> Record set
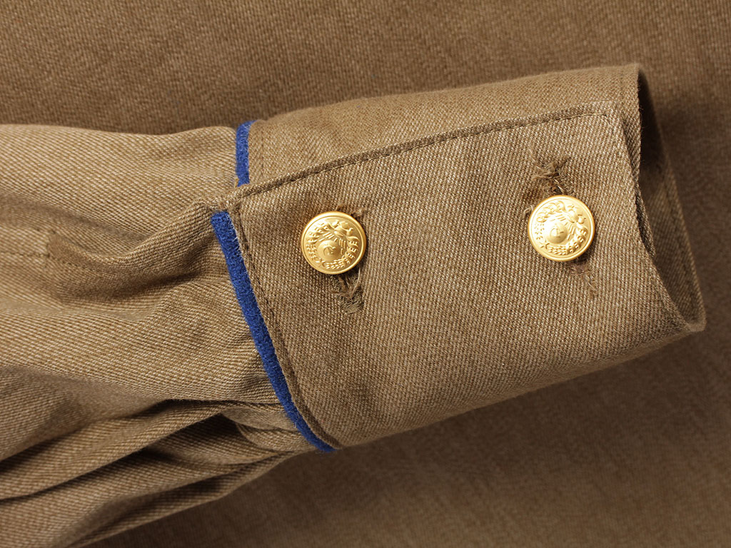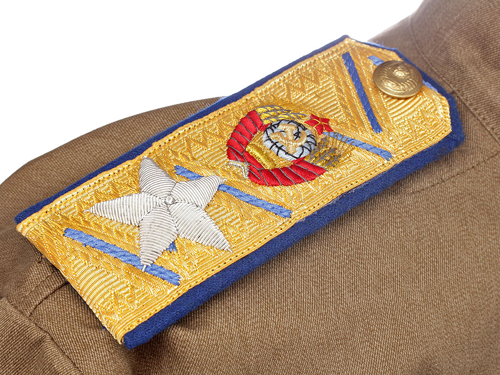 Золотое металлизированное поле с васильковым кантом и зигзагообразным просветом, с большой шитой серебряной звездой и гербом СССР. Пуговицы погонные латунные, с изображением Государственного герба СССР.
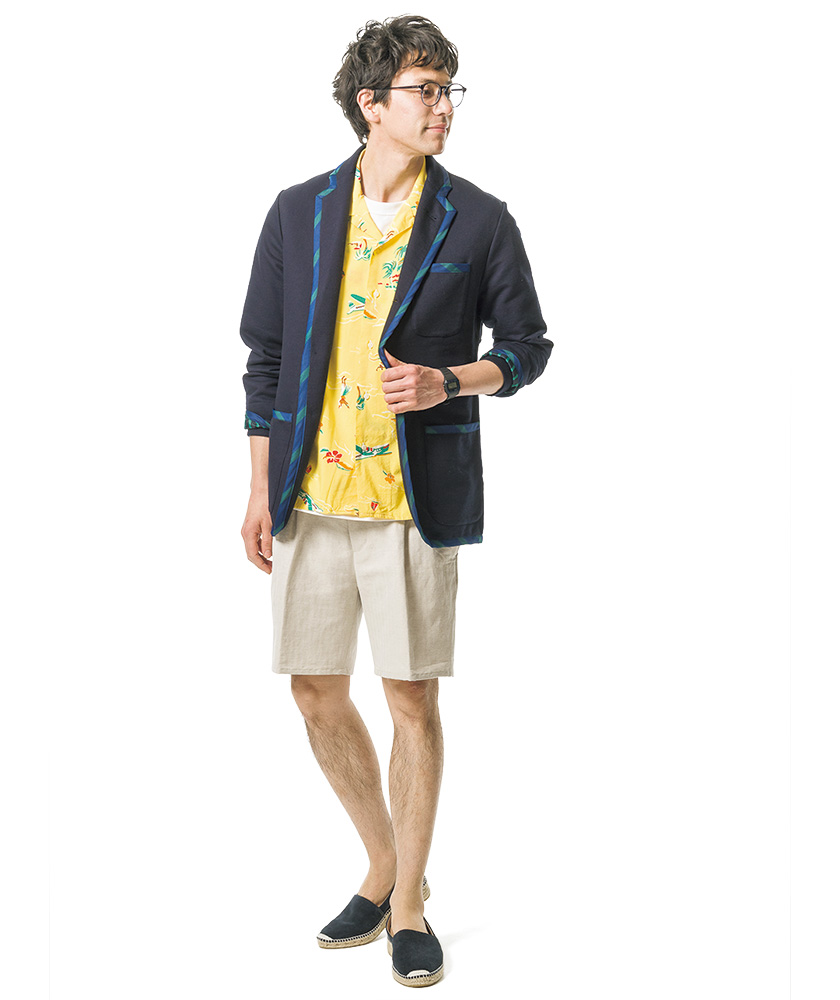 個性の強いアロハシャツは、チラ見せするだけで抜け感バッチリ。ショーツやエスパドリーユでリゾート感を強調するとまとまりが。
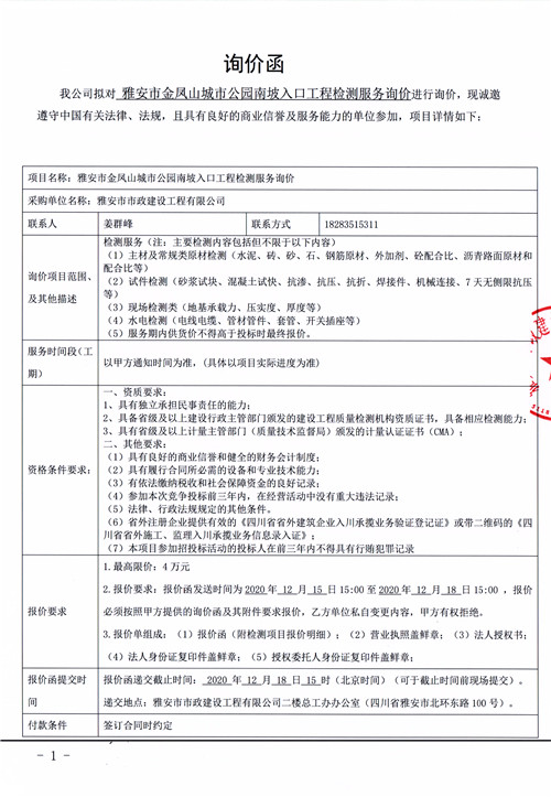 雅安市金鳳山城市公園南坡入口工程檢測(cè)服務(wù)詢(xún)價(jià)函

---

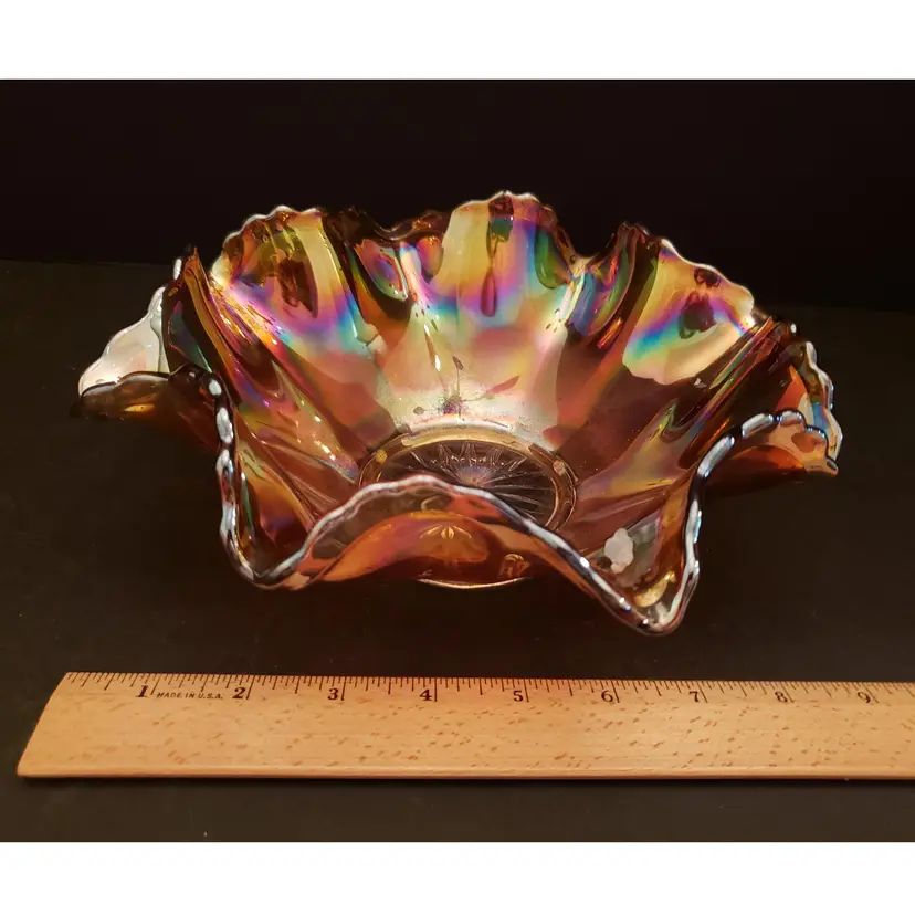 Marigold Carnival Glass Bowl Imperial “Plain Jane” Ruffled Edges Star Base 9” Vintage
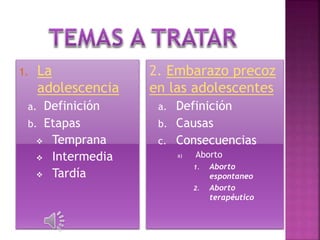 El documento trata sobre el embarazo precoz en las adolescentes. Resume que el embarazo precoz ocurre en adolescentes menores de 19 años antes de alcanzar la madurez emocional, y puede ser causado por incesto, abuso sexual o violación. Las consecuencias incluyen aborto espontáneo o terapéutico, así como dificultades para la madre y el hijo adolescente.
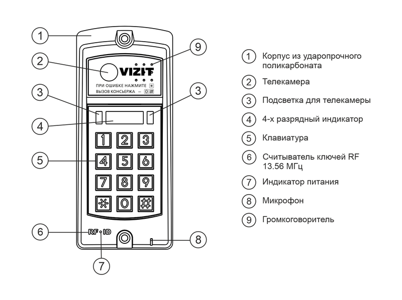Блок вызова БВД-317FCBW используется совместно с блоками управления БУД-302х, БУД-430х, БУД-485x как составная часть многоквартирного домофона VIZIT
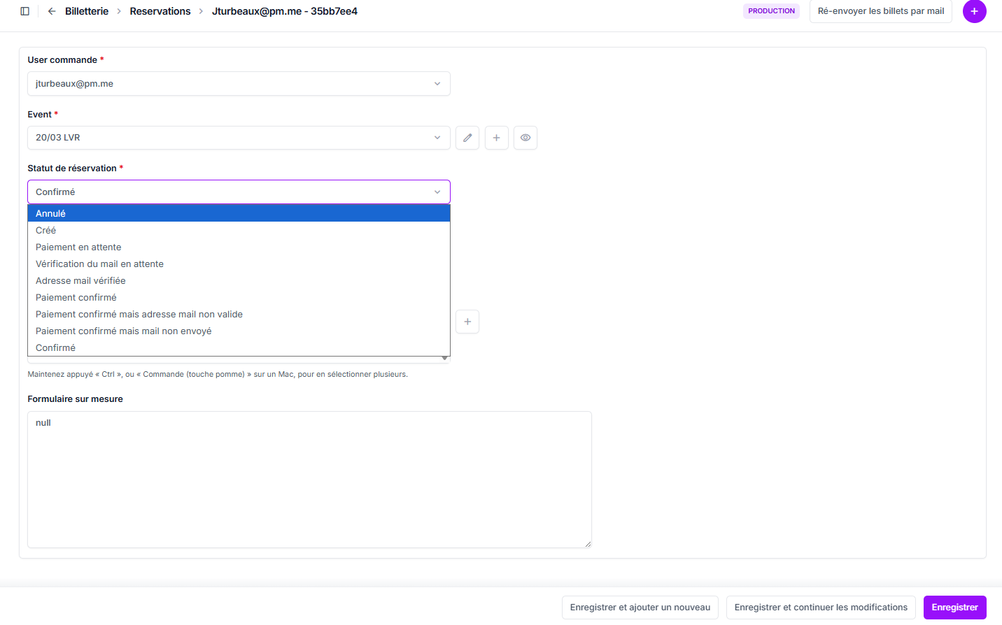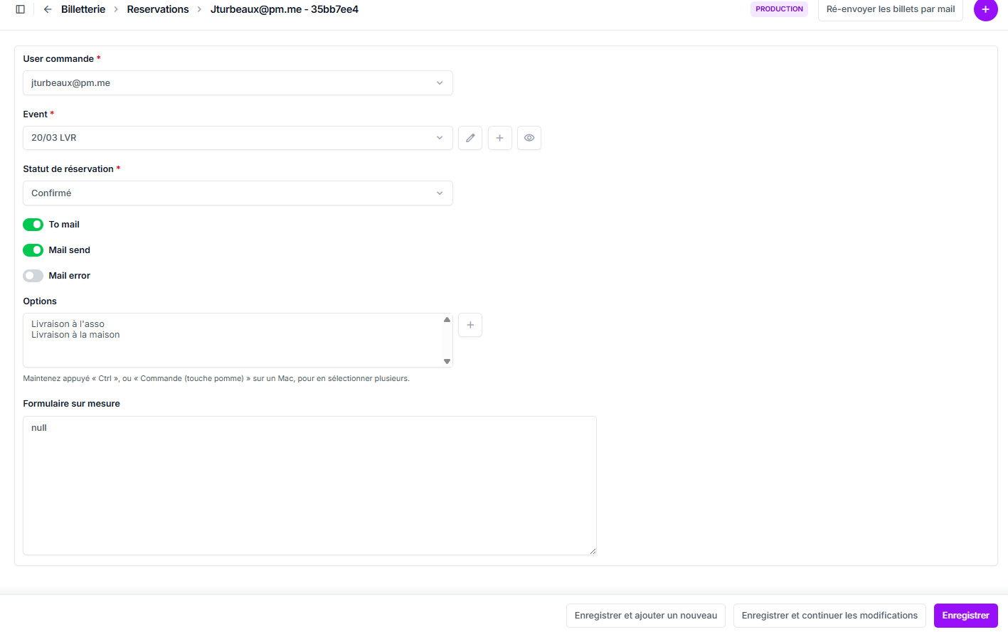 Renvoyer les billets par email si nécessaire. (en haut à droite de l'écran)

> Aim of the exercise
Using the listing above, repeat word for word each line from the one with "Золотое металлизированное поле" down to the one with "雅安市金鳳山城市公園南坡入口", both included. Omit all pictures.

> Completed exercise
 Золотое металлизированное поле с васильковым кантом и зигзагообразным просветом, с большой шитой серебряной звездой и гербом СССР. Пуговицы погонные латунные, с изображением Государственного герба СССР.
 個性の強いアロハシャツは、チラ見せするだけで抜け感バッチリ。ショーツやエスパドリーユでリゾート感を強調するとまとまりが。
 雅安市金鳳山城市公園南坡入口工程檢測(cè)服務(wù)詢(xún)價(jià)函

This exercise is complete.